Los defensores del progresismo
Es
a partir de esas numerosas críticas que, como era de imaginar, han
hecho su aparición los defensores de los regímenes progresistas.
Curiosamente, varios de entre ellos se reclaman del Marxismo, pero,
como vamos a verlo, no del Marxismo ortodoxo, de los siglos XIX y XX,
sino de un nuevo Marxismo, del siglo XXI.
Esto es lo que dicen.
La izquierda radical, en efecto, no ha aprendido nada de los terribles
fracasos del socialismo real. Y ella todavía no se ha dado cuenta que,
con la hegemonía neoliberal a nivel mundial, hemos cambiado de época.
Es a causa de este desfase histórico que lo que ha devenido
forzosamente “la vieja izquierda” no puede comprender a la nueva
izquierda (de Chavez, Correa, Evo Morales, Lula y Kirchner,
particularmente), la izquierda llamada “post-neoliberal”.
Según
sus viejas recetas toda revolución, una vez que alcanzó el gobierno,
debe expropiar a la burguesía, lo más rápidamente posible, los
principales medios de producción, desmantelar su aparato represivo y
convocar a la población a organizarse para ejercer el poder. Este
escenario no tiene hoy ninguna validez puesto que, la primera
exigencia, o si se prefiere el nuevo paradigma revolucionario, que
corresponde mejor a la coyuntura histórica, no es de construir una
incierta nueva sociedad, sino de erradicar la extrema pobreza que
afecta, en efecto, a millones de seres humanos en todos los países del
sub-continente.
Este objetivo estratégico, y muy humanitario, no
tiene nada de utópico. Ya se ha constatado en Brasil en el último
decenio, con una burguesía muy desarrollada, y por ahora, con una
tímida vocación imperialista, que eso ha podido llevarse a cabo sin
provocar una guerra civil. Y eso se puede verificar también, por
ejemplo, en Venezuela, donde los programas sociales son los más
numerosos, y continúan a desarrollarse a pesar de la oposición
virulenta de una derecha cavernaria, estimulada siempre por el
imperialismo. A tal punto que ya se afirma, en diferentes círculos, que
el “socialismo del siglo XXI” no es forzosamente incompatible con la
estructura capitalista del país y la economía de mercado.
Para
ellos, entonces, esas críticas son infundadas.

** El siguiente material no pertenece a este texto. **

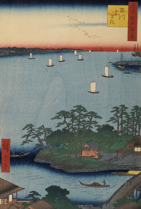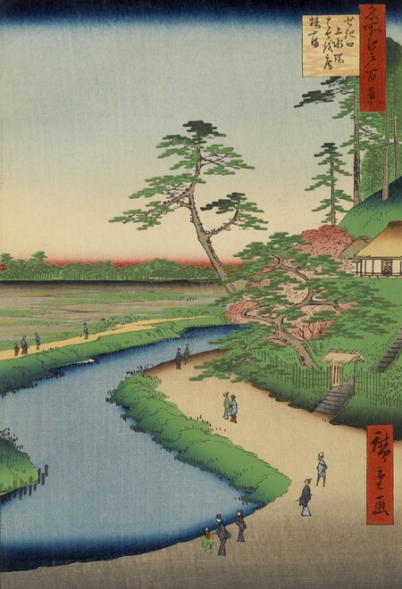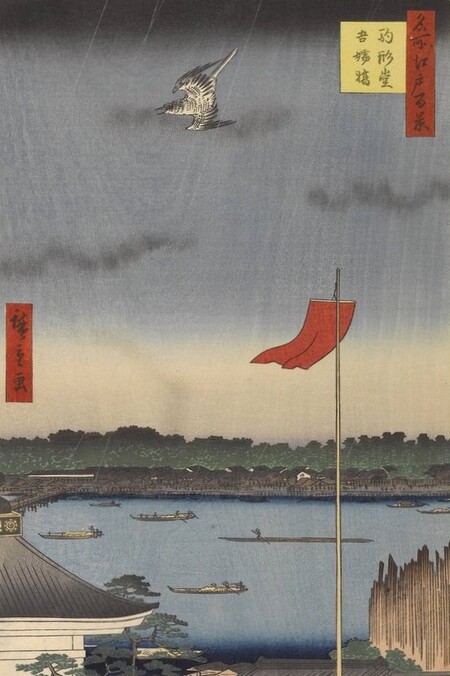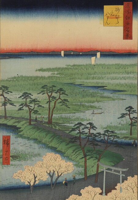 Садзаэ Храм Монастыря Гохякуран (Пятисот Архатов). «100 знаменитых видов Эдо». Утагава Хиросигэ; Устье реки Накагава. Серия «100 знаменитых видов Эдо». Утагава Хиросигэ.
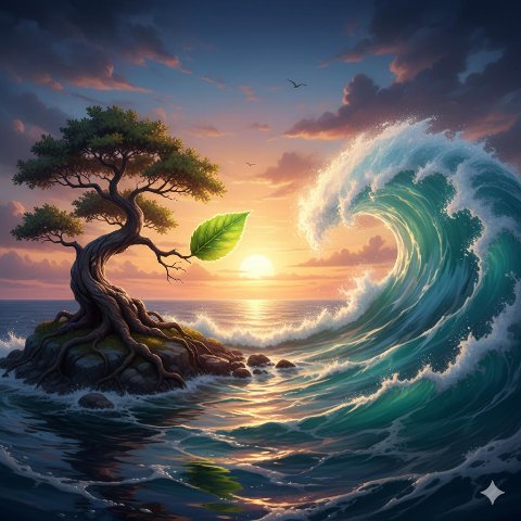 Consider the leaf. It does not exist separately from the tree. It is the tree’s annual, moment-to-moment action of photosynthesis, growth, and release. Consider the wave. It is not an object that floats on the ocean; it is the momentary rising and falling, the motion of the ocean itself. The ocean is not lessened by the wave’s peak, nor is it harmed by its dissipation. The wave is simply the ocean doing "wave."

Son también fuertemente
rechazadas por un largo espectro de la izquierda reformista
latino-americana que está convencida de haber iniciado, con esos
gobiernos y los procesos de integración que han nacido últimamente
(ALBA, UNASUR, CELAC, etc.) el camino definitivo de la emancipación
social, económica, política y cultural del sub-continente. Y para
aquellos que pudieran todavía abrigar alguna duda sobre este
deslumbrante futuro, habría que recordarles que esos gobiernos son
calurosamente sostenidos y estimulados por el principal ícono
revolucionario de América Latina, el Comandante Fidel Castro.
La alternativa al capitalismo
Los
gobiernos progresistas son el resultado del rechazo masivo y brutal que
provocó en casi toda América Latina la aplicación inclemente de las
recetas neoliberales. Esos grandes movimientos sociales, que echaron
por tierra la tradicional gobernabilidad oligárquica, y que fueron a
veces víctima de una represión salvaje, han sabido encontrar en el acto
electoral una manera eficaz de poner un término a la devastación de sus
países. Se trata por lo tanto de un fenómeno espontaneo sumamente
positivo que merece el apoyo de todas las fuerzas de izquierda, pero,
un apoyo crítico.
La crítica es más que necesaria porque, a
pesar que algunos de ellos afirman querer instaurar a término un
confuso socialismo del siglo XXI, se puede ver cada día que actúan no
en función de un proyecto alternativo de sociedad, sino de las
exigencias que le impone ese extraño y a menudo conflictivo concubinato
con la burguesía y la oligarquía de cada país, y de su necesidad de
preservar la base electoral a fin de permitir la reelección indefinida
de su líder.
Es precisamente lo que viene de poner en evidencia
el gobierno venezolano respondiendo a las agresiones de la derecha y
del imperialismo con medidas epidérmicas, administrativas, después de
haber convocado con urgencia y sin éxito a pomposas “conferencias de
paz”. Todo parece indicar que el objetivo de la Revolución Bolivariana
–como de los otros regímenes progresistas en los últimos tiempos- se ha
reducido hoy a conservar el poder político y, por supuesto, a pagar por
ello el precio que sea necesario.
Desde hace varios meses, son
numerosos los intelectuales conocidos como partidarios entusiastas de
esos regímenes que expresan su decepción, y algunos su impaciencia,
frente a esta ausencia de iniciativas transformadoras. Y temen lo peor,
y con razón, visto que dependen vitalmente de los resultados
electorales y que su popularidad se erosiona lenta pero
implacablemente. A tal punto que en varios países se esta potenciando
una oposición de izquierda, de partidos y movimientos sociales.
En
el origen de esta situación, aparte de contradicciones internas de cada
régimen, la crisis del capitalismo que limita considerablemente las
posibilidades de seguir haciendo lo que se ha hecho hasta ahora, es
decir, multiplicar los programas sociales, incrementar el nivel del
empleo, preservar o aumentar el poder adquisitivo de los asalariados,
combatir los crecientes problemas inseguridad, y los sabotajes y
provocaciones de la burguesía y del imperialismo. Esto contribuye a
generar nuevos conflictos sociales y a despertar el viejo reflejo de la
criminalización de la protesta. Como ha ocurrido en Brasil, por solo
citar un ejemplo, antes de la Copa del Mundo.
Finalmente, aun
midiendo bien todo lo que puede tener de negativo el fracaso de esas
experiencias, y sobre todo, lo que puede aportar como nuevas
desilusiones a grandes sectores sociales, hay que admitir que la
izquierda post-neoliberal ha encontrado, definitivamente, sus límites.
La alternativa al capitalismo en América Latina, sigue siendo un objetivo a construir.